Anjani, Shiva Aulia; Septiani, Mya; Alfauzi, Fawwaz; Saepudin, Sudin; Muslih, Muhamad; Irawan, Carti

doi:10.3390/engproc2025107131

Open AccessProceeding Paper

Sentiment Analysis of Air Pollution in Jakarta Using the Bidirectional Encoder Representations from Transformers (BERT) Method^†

by

Shiva Aulia Anjani

,

Mya Septiani

,

Fawwaz Alfauzi

,

Sudin Saepudin

,

Muhamad Muslih

and

Carti Irawan

^*

Information System, Nusa Putra University, Sukabumi 43155, Indonesia

^*

Author to whom correspondence should be addressed.

^†

Presented at the 7th International Global Conference Series on ICT Integration in Technical Education & Smart Society, Aizuwakamatsu City, Japan, 20–26 January 2025.

Eng.

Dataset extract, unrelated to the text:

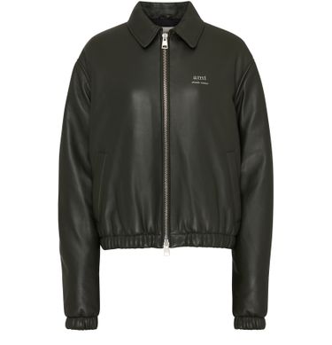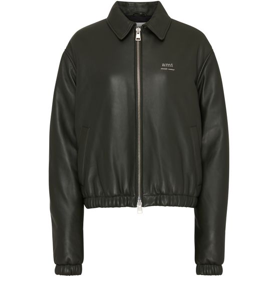 Ami's Leather jacket is a padded jacket with a sleek design and a zipper closure. It provides extra protection from the elements with its hood and ensures warmth and comfort during colder weather.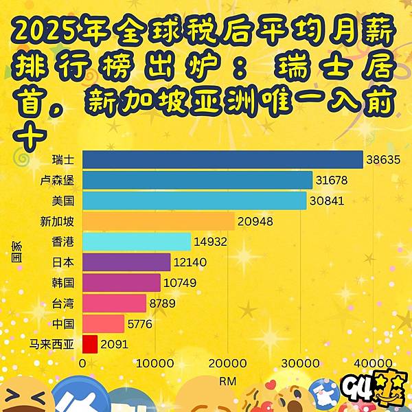 外國商業雜誌《CEOWORLD》公佈「2025年各國稅後平均月薪」排名,涵蓋全球197個國家與地區。報告顯示,瑞士以8,218美元(約38,600令吉)蟬聯榜首,成為全球收入最高國家。其次是盧森堡6,740美元(約31,700令吉),以及美國6,562美元(約30,850令吉)。前十名幾乎由歐美國家包攬,唯一進入榜單的亞洲國家是新加坡,以4,457美元(約20,950令吉)排在第十。

Proc. 2025, 107(1), 131; https://doi.org/10.3390/engproc2025107131

Published: 20 October 2025

(This article belongs to the Proceedings of The 7th International Global Conference Series on ICT Integration in Technical Education & Smart Society)

Download

Browse Figures

Versions Notes

Abstract

Air pollution represents a critical environmental challenge in Jakarta, significantly affecting public health and overall quality of life. This study aims to examine public sentiment regarding air pollution in Jakarta through the application of the Bidirectional Encoder Representations from Transformers (BERT) methodology. The selection of this method is based on its proficiency in comprehending contextual nuances within textual data, thereby facilitating a more precise sentiment analysis. The data utilized in this research is sourced from social media platforms, particularly Twitter, which serves as a vibrant and informative repository of public opinion. The findings of the analysis indicate a predominance of negative sentiments concerning air pollution, influenced by various factors such as governmental policies and prevailing environmental conditions. This research aspires to enhance understanding of public perceptions related to air pollution and contribute to more informed decision-making in environmental policy formulation.

Keywords:

sentiment analysis; air pollution; BERT

1. Introduction

As the capital city of Indonesia, Jakarta faces significant challenges related to air pollution. Data from the DKI Jakarta Environment Agency reveals that the air quality in Jakarta frequently falls into the unhealthy category, with the Air Pollution Standard Index (ISPU) often exceeding the specified threshold [1]. In recent years, air pollution has become a pressing concern, particularly due to the increasing number of motorized vehicles and uncontrolled industrial activities. According to a report from the Ministry of Environment and Forestry, emissions from the transportation sector account for more than 70% of total pollutant emissions in Jakarta [2]. Additionally, the concentrations of PM2.5 in Jakarta currently reach 9.1 times the World Health Organization’s annual air quality guideline value, highlighting the seriousness of this issue and its impact on public health [3].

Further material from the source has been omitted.